David Dinkins told the story often: One day, he and his wife Joyce drove by a construction site and passed one of her former boyfriends.

“See, if you married him, you would be the wife of a ditch digger,” Dinkins told her.

“No, if I married him he would be mayor and you would be the ditch digger.” Joyce said.

Dinkins always laughed. In a way, the story fit a certain image of Dinkins as an accidental mayor: a clubhouse politician who peaked at the right moment, just as the city, in a time of racial strife, was ready to elect its first Black mayor.

“You have to remember, I didn't start out wanting to become mayor,” Dinkins told me six years ago, on the 25th anniversary of his election. “John Kennedy and Bill Clinton, when they were young boys and were asked, 'Well, what are you going to be when you grow up?' 'I am going to be President.' That wasn't me." 

But he did become mayor. I have always thought of Dinkins’ life as not just a story of personal achievement and Black empowerment, but also an American success story.

He was born in Trenton, the son of a barber and a domestic worker, and moved to Harlem with his mother during the Depression when his parents divorced. Dinkins joked they moved often, “when the rent was due.” His toys were hand-me-downs from the white families his mother and grandmother, also a domestic, worked for.

After high school, Dinkins joined the Marines, and called the experience one of the most rewarding of his life. His service allowed him to attend Howard University on the G.I. bill. He was a mathematics major, graduated cum laude, and then went to Brooklyn Law School.

His wife, Joyce, enabled Dinkins to get a toehold in Harlem politics through her father, a two-term state assemblyman. Dinkins was mentored by J. Raymond Jones, a legendary Democratic power broker. “I admired him because of his dedication and steady political development,” Jones later wrote.

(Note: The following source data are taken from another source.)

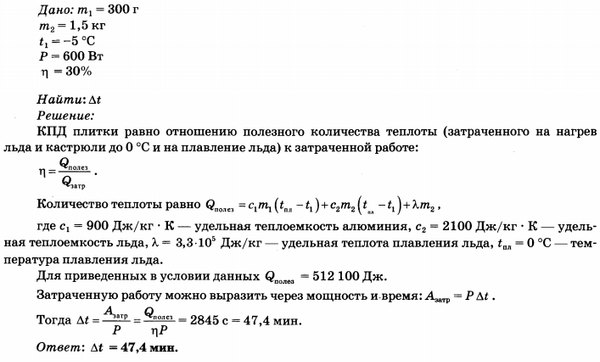 оС, на плитке мощностью 600 Вт с КПД 30%. Удельная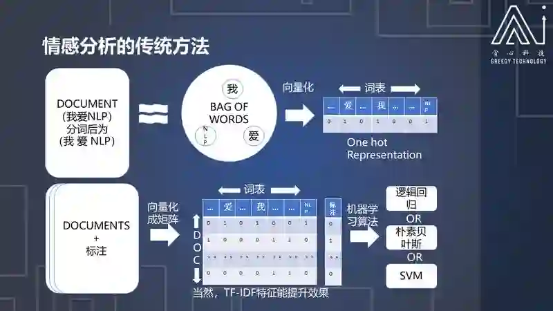 我在 2014 年的时候做了一个项目,客户当时需要的就是情感分析。那时候我们都是用传统的方法做得,具体来说首先第一步,肯定要将文本中的词向量化,我们经常用 one hot representation 来表示,比如这个词表里面有一万个词,那么这个向量长度就是一万,对于每个词都会有个固定的位置,这个位置上取 1,其他的位置上取 0,我相信很多同学对这块比较了解。将其中的词向量化之后,那么接下来再结合这种传统的逻辑回归,特别是 SVM,我就能去结合标注数据进行模型的训练,就能进行情感分析的预测,这是用传统方法来做。
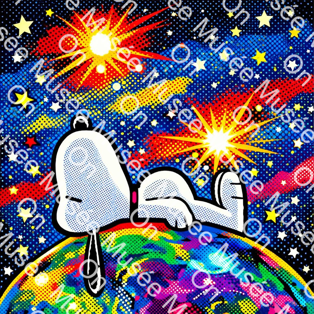 In a universe bursting with color, motion, and endless signals, a quiet figure rests atop a glowing planet. Rendered in bold pop-art textures and halftone patterns, this portrait contrasts explosive cosmic energy with calm detachment. It reflects a modern state of mind—where serenity is not found by escaping the world, but by rising above its noise. A playful yet thoughtful celebration of stillness, balance, and perspective in an overstimulated era.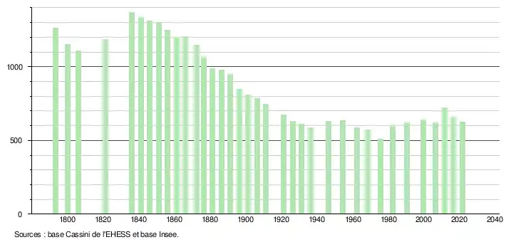 L'évolution du nombre d'habitants est connue à travers les recensements de la population effectués dans la commune depuis 1793. Pour les communes de moins de 10 000 habitants, une enquête de recensement portant sur toute la population est réalisée tous les cinq ans, les populations légales des années intermédiaires étant quant à elles estimées par interpolation ou extrapolation[24]. Pour la commune, le premier recensement exhaustif entrant dans le cadre du nouveau dispositif a été réalisé en 2006[25].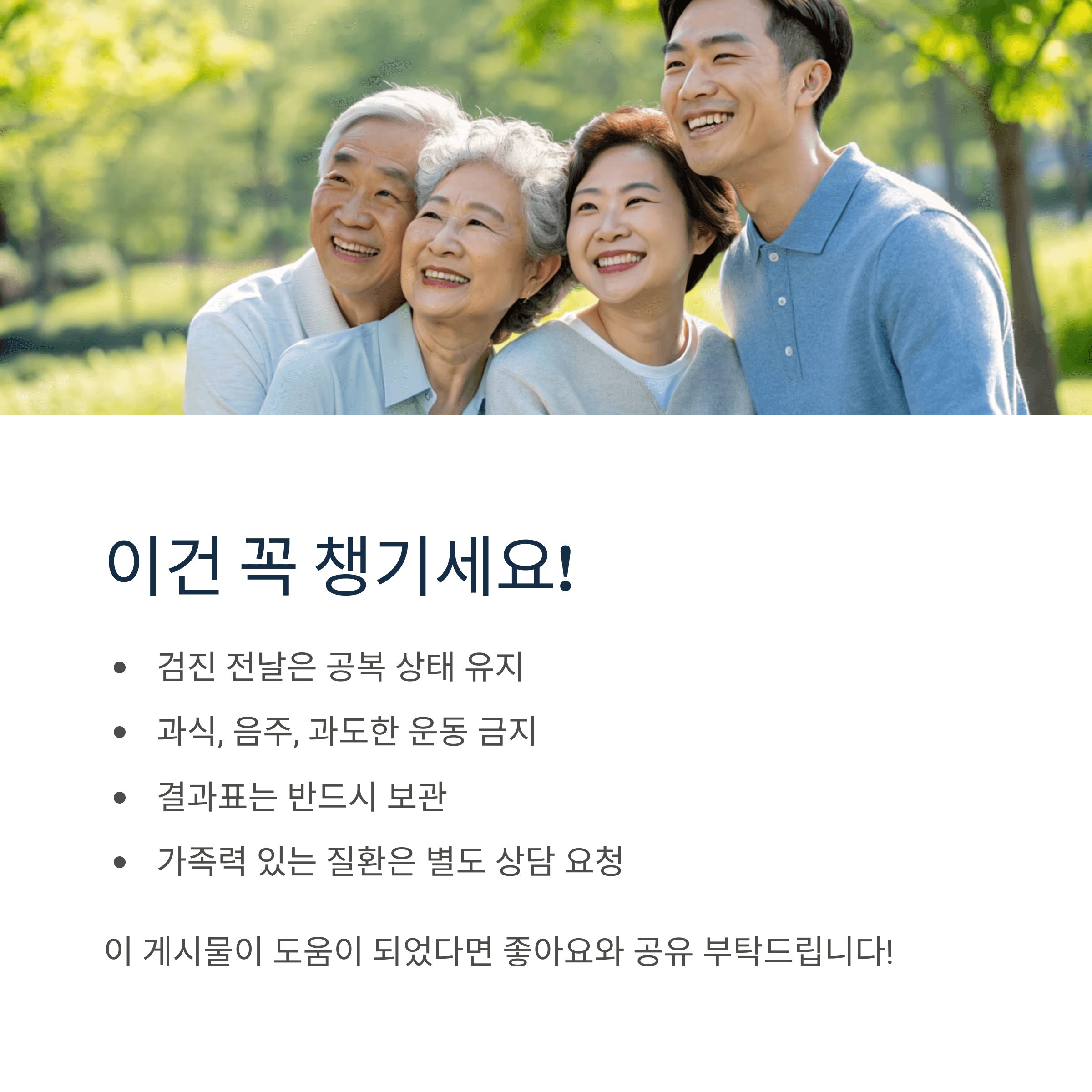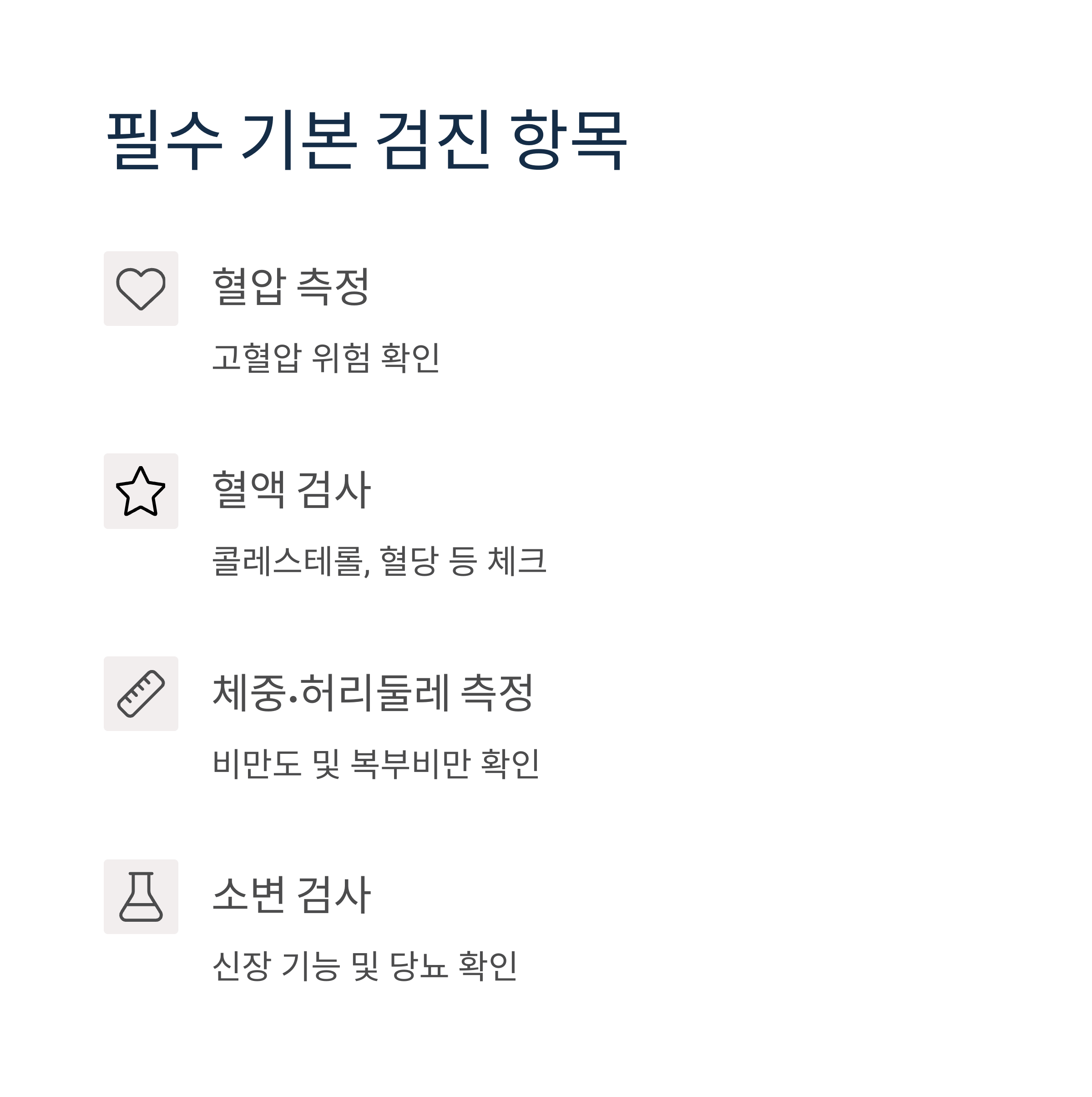 - 혈액 검사 (혈당, 콜레스테롤 등 기본 검사)

Dinkins also benefited from his fierce friendships with three other promising young lawyers in Harlem: Percy Sutton, Basil Paterson and Charles Rangel. Together, the so-called Gang of Four helped each other up the ladder.

Dinkins’ climb was steady: state assemblyman, Board of Elections president, city clerk, and Manhattan borough president, with a stumble along the way (he bowed out of an appointment as deputy mayor after disclosing he failed to file tax returns from 1969 to 1972). The Rev. Jesse Jackson’s strong showing in New York’s presidential primary in 1988 suggested that a Black Democrat could defeat Mayor Ed Koch. Dinkins - by then the Manhattan borough president - was the logical choice to be that candidate in 1989.

He beat Koch in the primary and Rudy Giuliani in the general election - no small feat. His ascension to power made Dinkins a symbol of hope and change well before Barack Obama ever entered politics. Ten thousand people attended his inauguration.

Yet, in many ways, his was a mayoralty under siege. A punishing recession forced Dinkins to downsize his priorities. Crack, crime, AIDS and homelessness buffeted the city. And, by his own admission, he was too slow to stop rioting in Crown Heights and end a Black boycott of a Korean grocer in Brooklyn - creating an image of indecisiveness.

With the benefit of hindsight, his accomplishments have grown in importance: A deal with Disney that sparked the transformation of Times Square. A tax hike to hire 5,000 police officers, laying the foundation for the city’s historic reduction in crime. An agreement to build a new U.S. Tennis Center at no cost to the city, creating a certain cachet for New York as the host of the U.S. Tennis Open. 

Dinkins ended up losing the mayoralty by the same slender margin that he had won it. The defeat left him bitter at the time. With the city overwhelmingly Democratic, he felt he should have won. He blamed racism.

In later years, though, the bitterness faded. Dinkins was a familiar figure around town, at press conferences, and municipal functions. New Yorkers clamored to take pictures with him. He always seemed happy to oblige.

When Dinkins died this week, I kept thinking about two of his speeches. 

“I stand here before you today as the elected leader of the greatest city of a great nation, to which my ancestors were brought, chained and whipped in the hold of a slave ship," Dinkins said at his swearing in. It was a refrain he would repeat many times during his mayoralty.

Then there was his concession speech, the night he lost his re-election. "My friends, we have made history,” he said. “Nothing can ever take that away from us."